Dom Taylor, External Affairs Intern, Money and Mental Health Policy Institute

How local government can support people with mental health problems through the cost of living crisis

5 May 2022

As voters across the country cast their ballots today, they do so during a time of spiralling prices and growing uncertainty. Although many of the tools needed to mend a national crisis belong to Westminster, we mustn’t lose sight of the critical role local authorities can play in softening the blow of rising costs – particularly for those of us on low-incomes and/or who face mental health problems. Regardless of the outcome of today’s elections, here are a few steps local government can take to ease the pressure of the cost of living crisis for these groups.

Improve access to specialist money advice services

In one part of a recent report, we consider the key duties held by local government under the Care Act and the Mental Health Act, for individuals receiving secondary mental health care. Through this legislation, councils must not only ensure that residents have access to relevant financial guidance, advice and assistance, but that sufficient aftercare is provided to individuals discharged from psychiatric hospitals. By this measure, guaranteeing access to money advice services for secondary mental health care patients is essential to local authorities fulfilling their statutory obligations. 

The findings of our report indicate that more than eight in ten (86%) respondents endured financial harm while under secondary mental health care – with seven in ten (72%) reporting that they struggled to pay for essentials, such as food and heating.  Stark as these figures are, they were gathered before the latest wave of increased living costs. As such, we might anticipate the demand for accessible money advice services for recipients of secondary mental health care to be more pronounced.

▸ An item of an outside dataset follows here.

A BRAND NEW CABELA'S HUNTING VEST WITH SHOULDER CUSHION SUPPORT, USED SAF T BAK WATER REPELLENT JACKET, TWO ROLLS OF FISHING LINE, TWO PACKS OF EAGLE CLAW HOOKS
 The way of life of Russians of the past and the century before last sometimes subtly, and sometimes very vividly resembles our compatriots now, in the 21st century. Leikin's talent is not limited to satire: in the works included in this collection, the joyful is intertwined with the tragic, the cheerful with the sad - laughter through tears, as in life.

It is vital, now more than ever, that local authorities act upon this.

Make it easier to get support with council tax

When we think of rising household expenditure, we tend to think of our spending as consumers – be it through pricier groceries, or more costly energy bills. Local authorities can’t meaningfully affect these outgoings, but they can change how they offer support for another considerable expenditure:  council tax. Making sure that support in paying council tax is both accessible and transparent for all has to be a priority.

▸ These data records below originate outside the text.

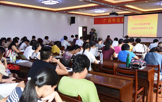 正值庆祝抗日战争暨世界反法西斯战争胜利70周年和庆祝第31个教师节之际,我们迎来2015秋季新学期的开学。2015年9月11日下午,星空彩票老版本下载基础医学院在仙葫校区基础医学院会议室召开2015秋季学期教职工大会,全体教职工参会。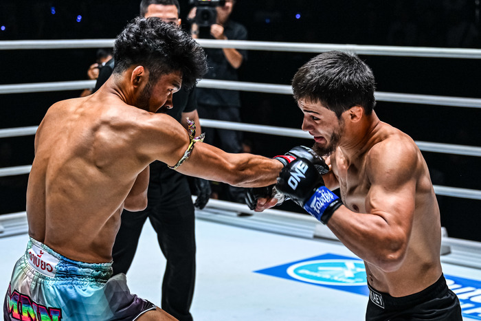 1R、サウスポーのシブムンにダヤカエフはじりじりと迫って右ボディストレート、右ストレート。シブムンが左ミドルを蹴ったところでダヤカエフが右ボディストレートから左フックを返したところでこれがモロにヒット。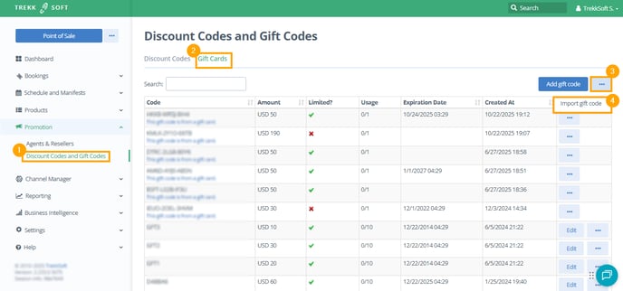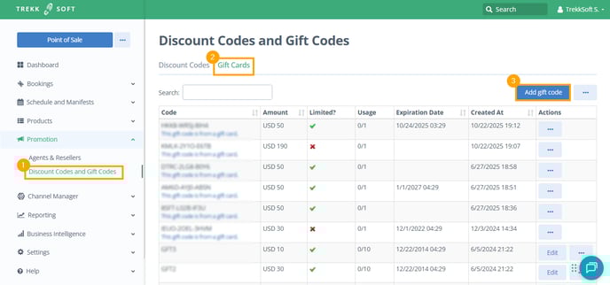 - In your TrekkSoft Backoffice/Admin Desk, go to Promotion > Discount Codes and Gift Cards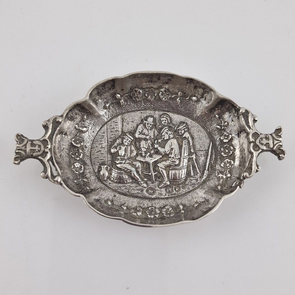 INDIVIDUAL TABLE ASHTRAY in the form of a poly-lobed bowl with ribs in 833 Millièmes silver - Netherlands 19th Century After 1814 with repoussé decoration of a 17th Century tavern scene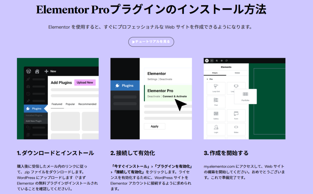 プロ版のプラグインのダウンロードはElementorアカウントページでも可能です。インストール方法はサンキューページにも書かれていますし、購入時のメールにも説明があります。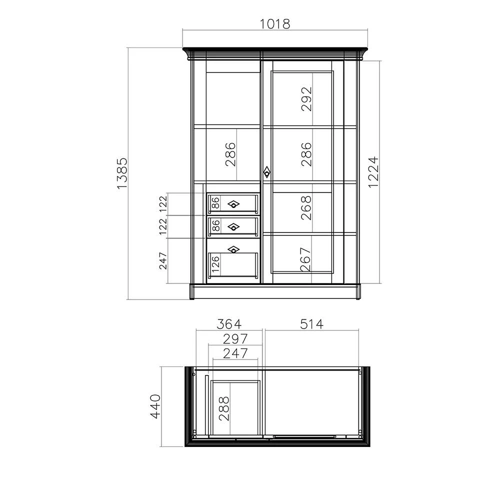 Großhandel 😀 102x139x44 Country Highboard Zweifarbig – Diatara ⭐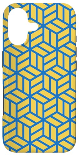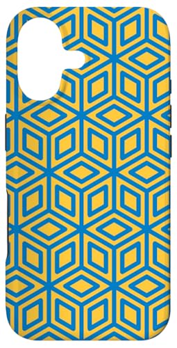 Yellow Blue Geometric Hexagons Cubes Squares Mesh Pattern Coque pour iPhone 17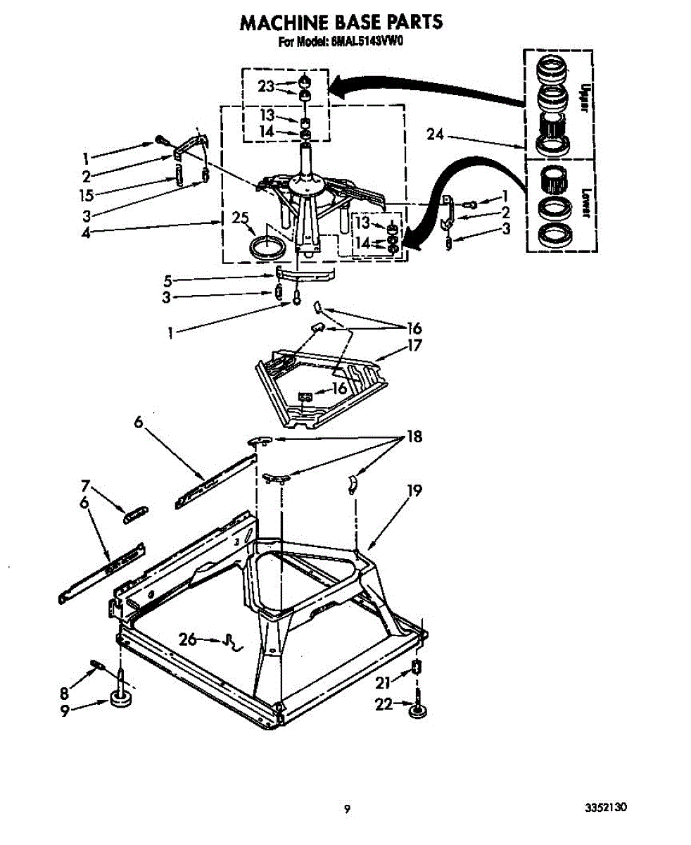 Supports the spin basket on the center post for smooth, quiet rotation. Replace if your washer is noisy, vibrating excessively, or has poor spin performance.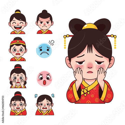 High-quality flat design vector set of Chinese cartoon emoticons with ashamed, happy, sad, angry, and surprised faces. Perfect for microstock and graphic projects.

Accessibility can be improved through proactively asking for, and respecting, people’s communication needs. For people with acute anxiety, for instance, the thought of a long phone call concerning their council tax payments could prove enough for them to avoid the process altogether. For others, wading through reams of complicated letters could be a huge barrier when already facing poor mental health. But, in a survey of our Research Community, only one in six (17%) of participants reported having been asked by their local council about their communication needs. 

Making sure that council tax payers have their communication preferences respected is essential, but local authorities can go further in guaranteeing financial assistance gets to the right people. We reached out to our Research Community to gauge their understanding of available support for council tax payments. Over a third (34%) of respondents were not aware of the discounts available, and 43% did not know how to query or appeal a council tax decision. Furthermore, eight out of ten participants (82%) reported their local council did not provide information on available discounts in their standard communications. 

A suitable response from local councils to this clear oversight should be to use clearer, simpler and non-stigmatising language in explaining eligibility criteria for assistance in paying council tax, particularly for discounts related to severe mental illness. This is vital to ensuring that struggling households can be more consistently signposted  to any support they may be entitled to. 

Time to act now

In a recent ONS study, 40% of surveyed adults that pay energy bills reported encountering some level of difficulty in affording the rising expenditure. While we’ve yet to see data outlining the impact this specific cost of living crisis is having on mental health, we know from our previous research that people in financial difficulty face obstacles that can worsen, and be worsened by, poor mental health. It goes without saying that the actions outlined above can’t bring the cost of living entirely under control, or undo the damage already dealt to people’s mental and financial wellbeing. They can, however, ease the level of distress experienced by consumers struggling to afford vital goods and services.